Third, strip and term contract leverage strengthens only if coordination moves from cargo swaps into supplier-facing negotiation. The strip segment, where portfolio sellers package quarterly and semi-annual cargoes, is where coordination produces the fastest observable unit-price effect: volume aggregation translates directly into seller discounts without the multi-year commitment of an SPA. Term contract leverage matters separately. Qatari NFE marketing and the US second wave — Plaquemines Phase 2, Rio Grande, Port Arthur, CP2 — are negotiating long-term contracts now. Two coordinated buyers can improve their bargaining position on destination flexibility, resale rights, and indexation terms that neither could negotiate as effectively alone. Suppliers facing a coordinated buyer block may see pressure appear first in indexation slopes and tolling fees rather than in headline LNG prices. The first observable test will be the next Qatari NFE long-term contract, or a coordinated strip approach to a portfolio seller, whichever surfaces first.

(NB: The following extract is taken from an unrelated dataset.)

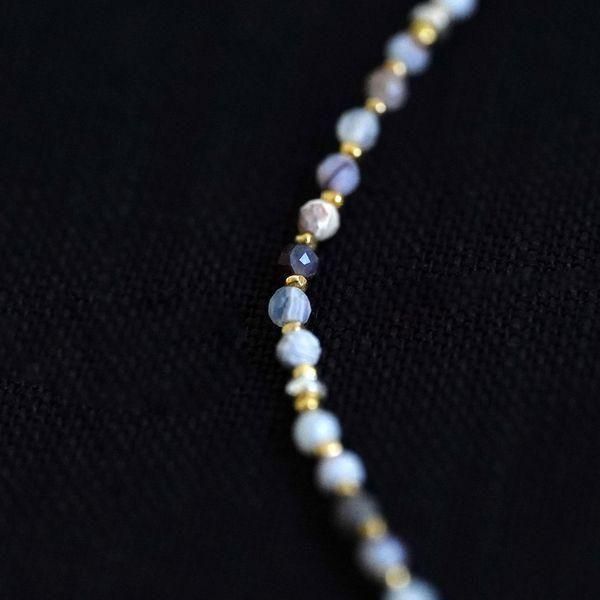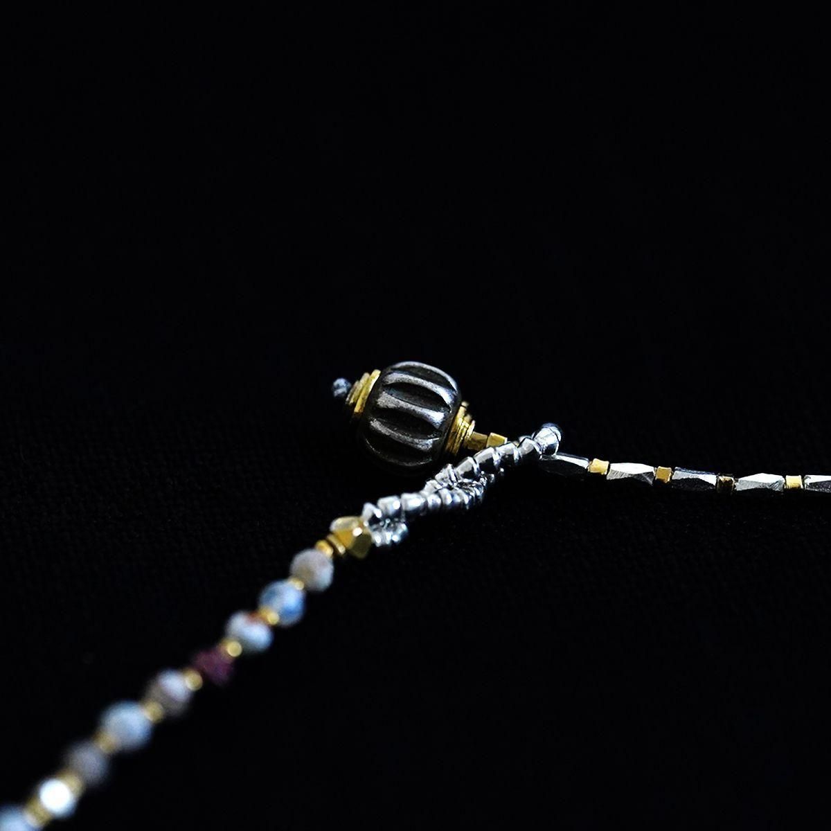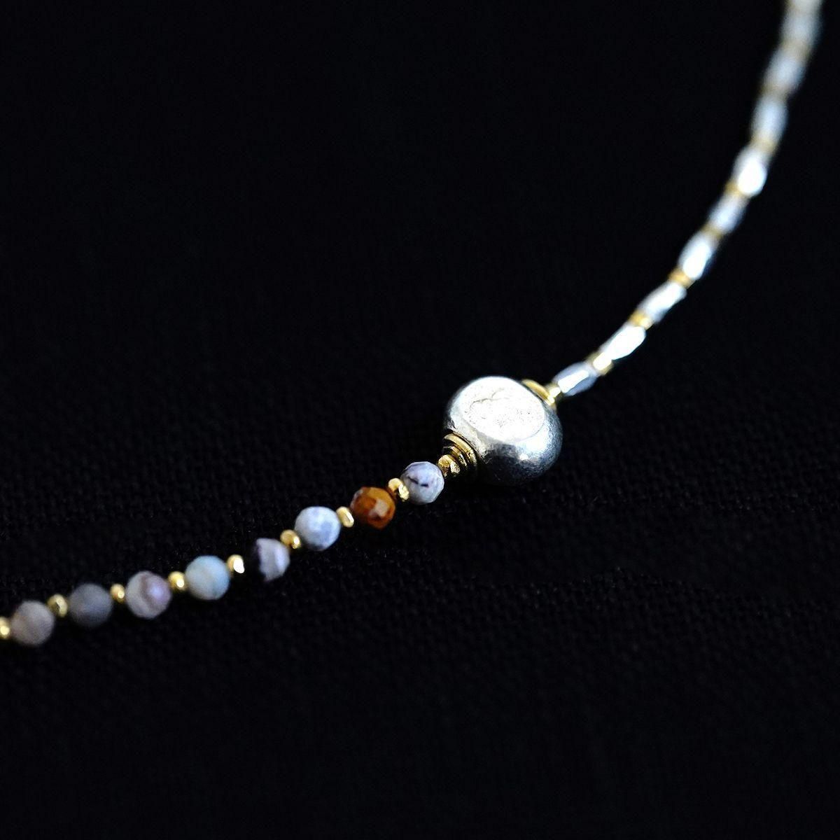 semeno24SSよりネックレスのご紹介です。 19〜20世紀にインドやヨーロッパで作られた「種子」と呼ばれる小さなシルバービーズなどを使って制作されるsemenoのアクセサリー。国籍や年代を越えて作られたアイテムは意外な程に様々なお洋服にはまってくれます。 25SS ◆gcn-01 ・ベースの石 アゲート 南米 現代 「和名はメノウと呼ばれます。細かな石英の結晶が集まった構造で、色合いや模様は様々、それぞれに個性があります。」 ・ストッパー(蜜柑型) オールドシルバー サハラ砂漠 1950年頃まで 「サハラ砂漠、アトラス山脈周辺に住むベルベル人系の部族によって作られたもの。」 ・その他 シルバー(金色部分は金鍍金加工) アジア 現代 *size(ベース部分の長さ):40cm お取り扱い店舗…dieci芝川ビル店 *留め部分のビーズを入れる輪は装着時にアクセサリーが外れる事を防止する為、自然に捩れる構造になっています。装着の際はよじれをほどくようにして輪を広げてからビーズを入れて下さい。 *semenoのアクセサリーはアンティークの石やガラスなどを使用しています。そのため、キズ・古色摩耗・カケ等がございます。アンティークの特性をご理解頂き、これらの持つ美しさ・風合いを感じて頂けたらと思います。 【ご購入につきまして】 semenoのアクセサリーのご注文は点数制限がございます。 シーズンごとにおひとりさま最多5点まで、 同一商品のご注文は3点までとなります。 制限を超えるご注文は弊社にてご注文数を調整、またはキャンセルさせていただく場合がございます。予めご了承くださいませ。

Fourth, TTF-JKM linkage redistributes flows. Over 2023-2026, the correlation between Asian LNG spot proxies and European TTF prices reached approximately 0.93, compared to roughly 0.05 with Henry Hub. The dominant link in Northeast Asian LNG pricing today runs through Atlantic-Pacific arbitrage with Europe rather than through US gas supply. If KOGAS-JERA coordination reduces the frequency of extreme Asian spot premiums, the Atlantic-Pacific arbitrage signal changes. Some cargoes that would otherwise chase Asia’s peak premium could remain in, or be redirected toward, Europe, depending on freight, storage, and portfolio positioning.

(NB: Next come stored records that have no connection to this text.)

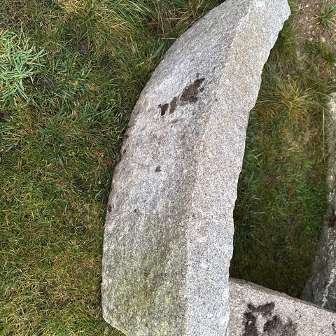 Buet granitsten fremstillet af granit, velegnet til havebrug eller som dekorativt element i udendørs områder.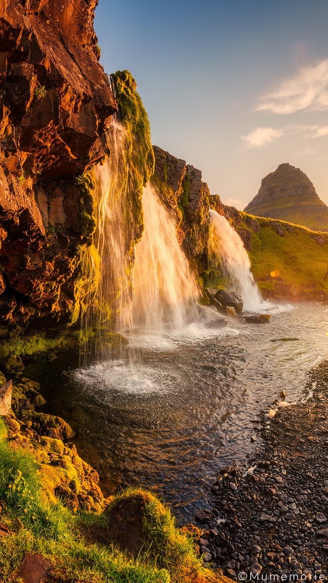 Edytor tapety: Wodospad Kirkjufell w słonecznym blasku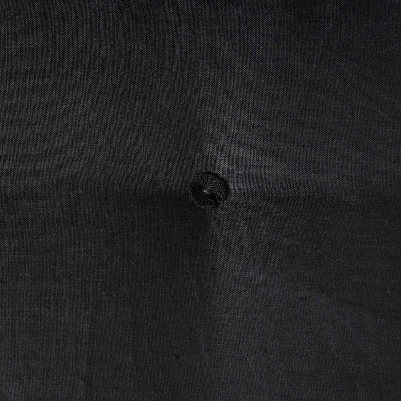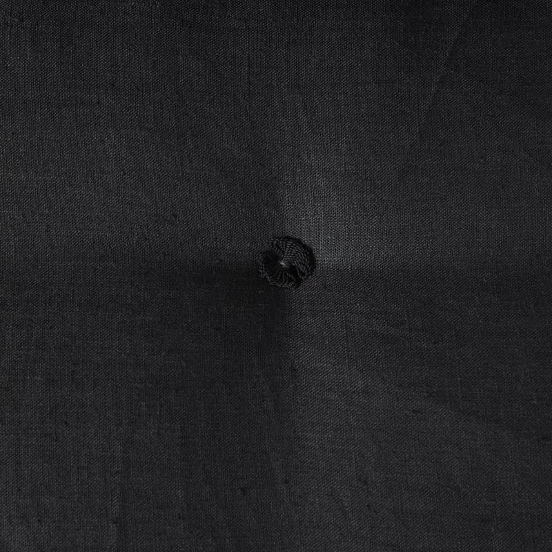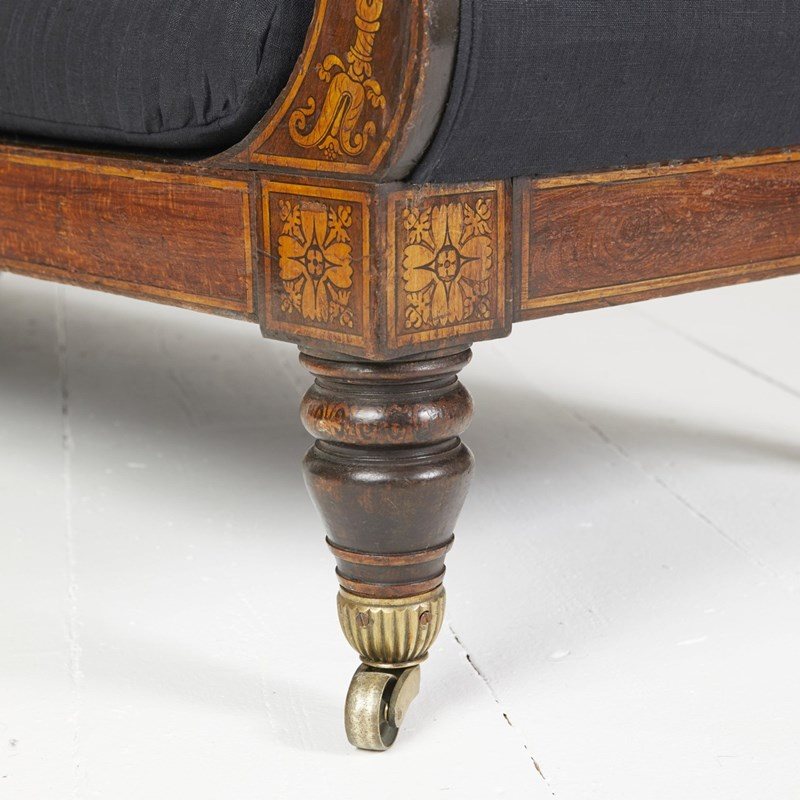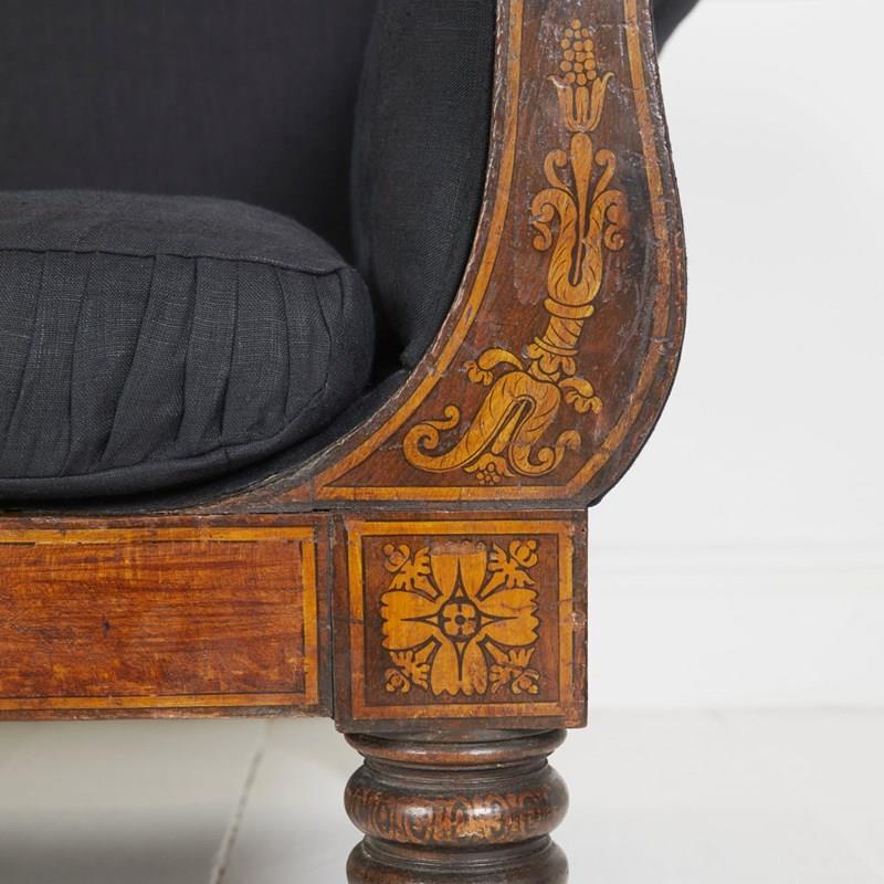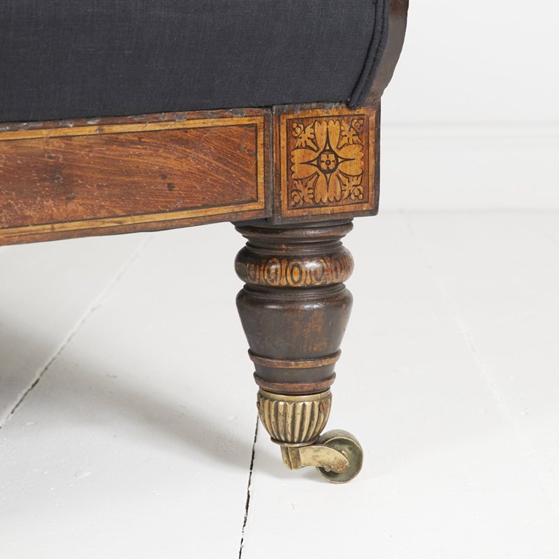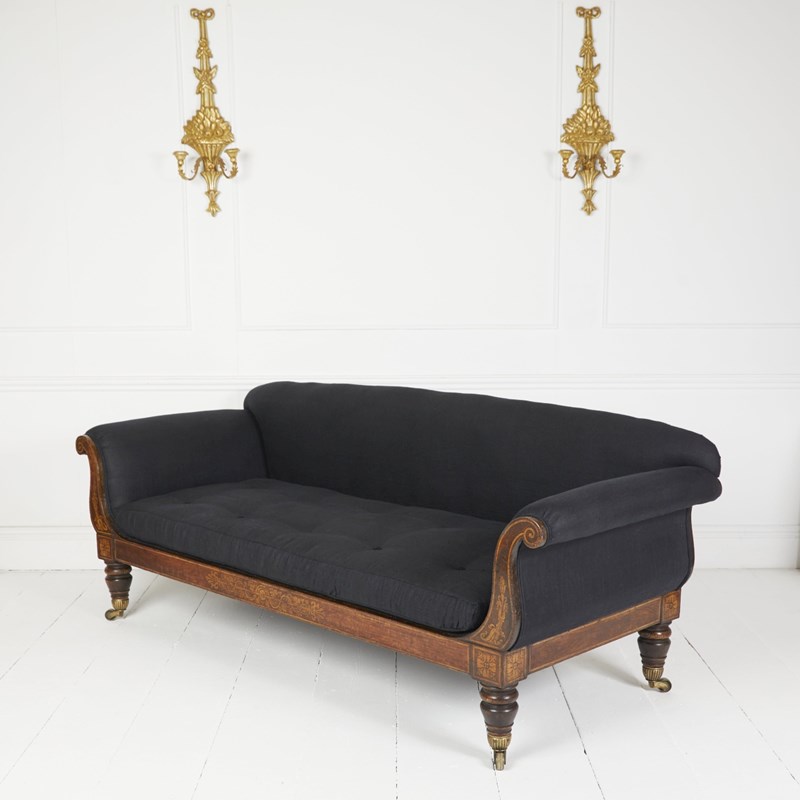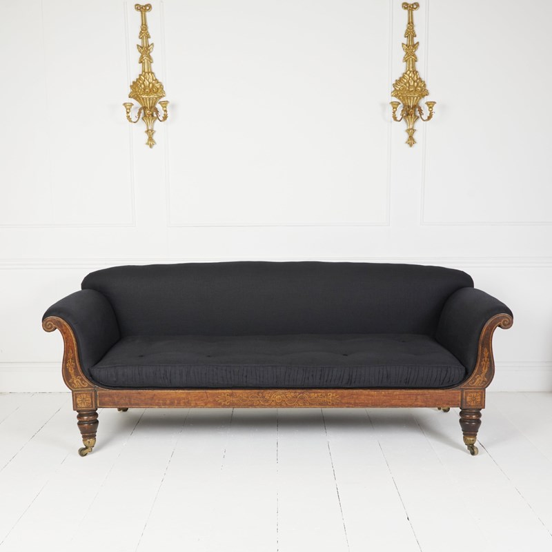 Regency sofa covered in crisp black linen with ruched border horse hair squab seat.

The headline JKM level may move only modestly in calm conditions. The variability of JKM and the leverage embedded in long-term contracts should shift more visibly. For procurement budgeting, that variability and that leverage matter more than the average.

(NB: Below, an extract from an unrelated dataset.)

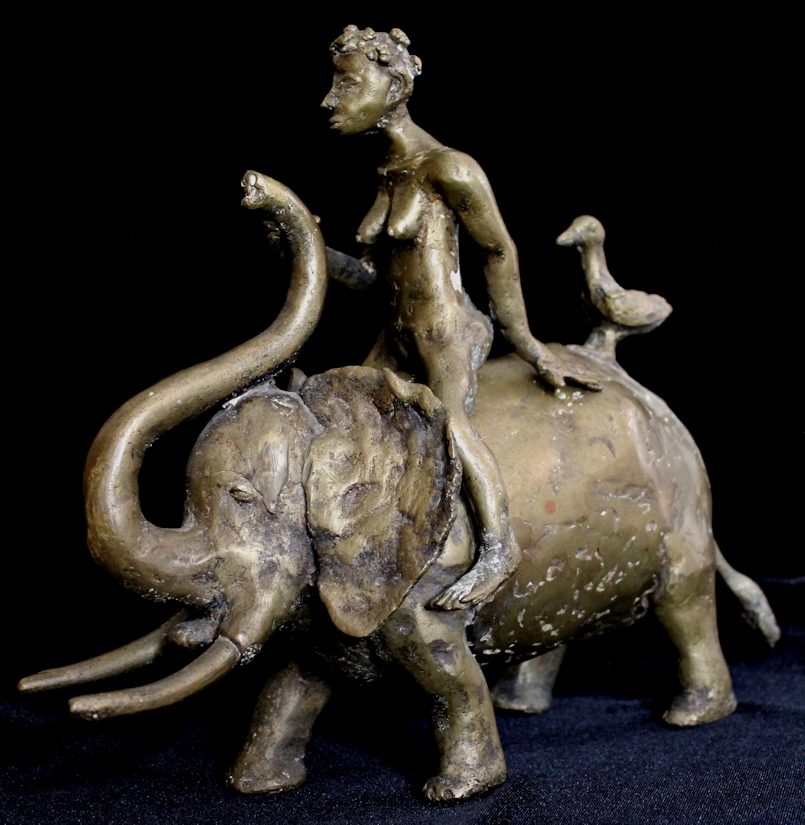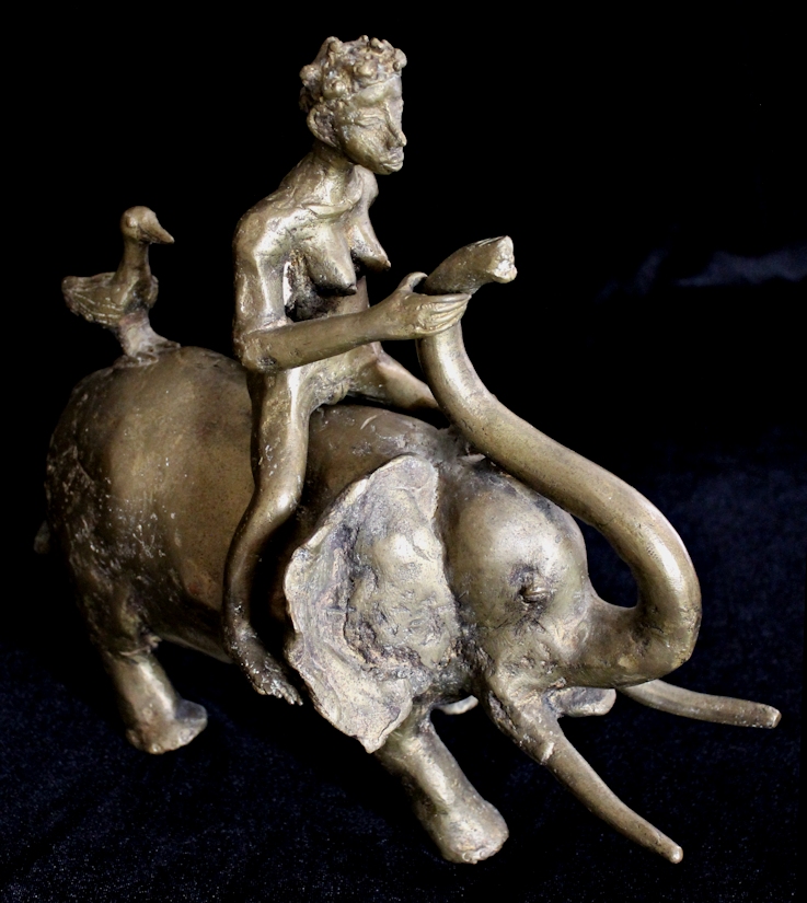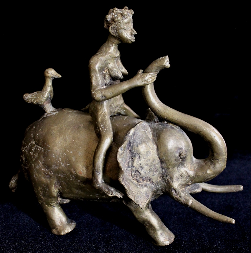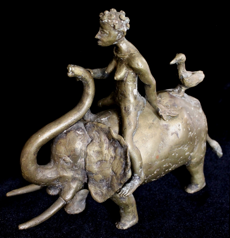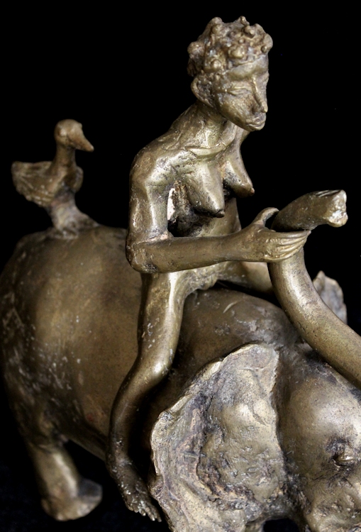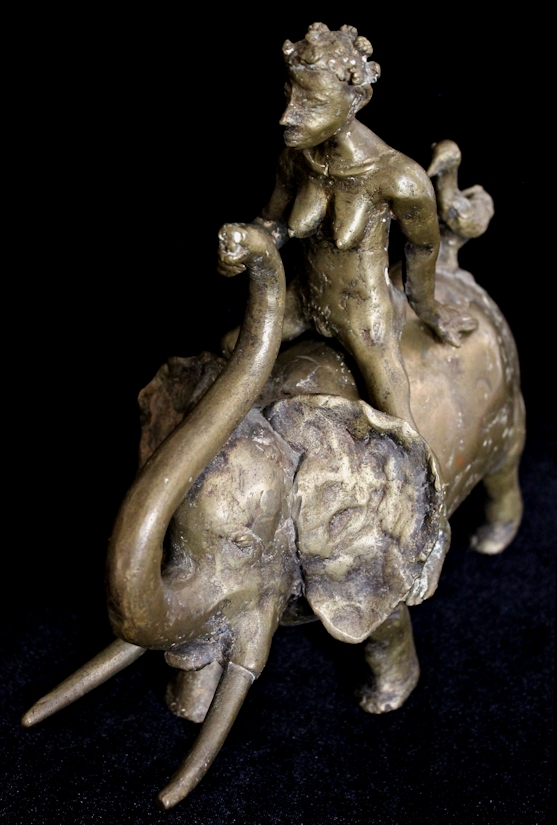 Cast using the lost wax method, this is a very heavy casting. Weighing ca. 14-lbs., we are convinced the elephant's body must be solid, not hollow. The woman's figure is shapely & well-sculpted. With erotic overtones, she grips the elephant's raised trunk like a phallus, while she reaches behind with her left arm, steadying herself by resting her left hand near the elephant's rump. A bird is along for the ride. And where the bird is attached to the hindquarters of the elephant, the female figure is not physically attached to it & is removable.

Implication for Korea: SMP Downside and KEPCO Recovery
The most concrete implication runs through KOGAS’s wholesale gas price to LNG-fired generators. At approximately KRW 1,450/USD and a 6.5 MJ/kWh CCGT heat rate, a $1/MMBtu fuel-cost change translates into roughly KRW 8.9/kWh. A $1.0-1.5/MMBtu improvement would therefore imply roughly KRW 9-13/kWh of variable-cost relief for LNG CCGTs, with SMP impact concentrated in hours when LNG sets the marginal price. This is a sensitivity, not a forecast.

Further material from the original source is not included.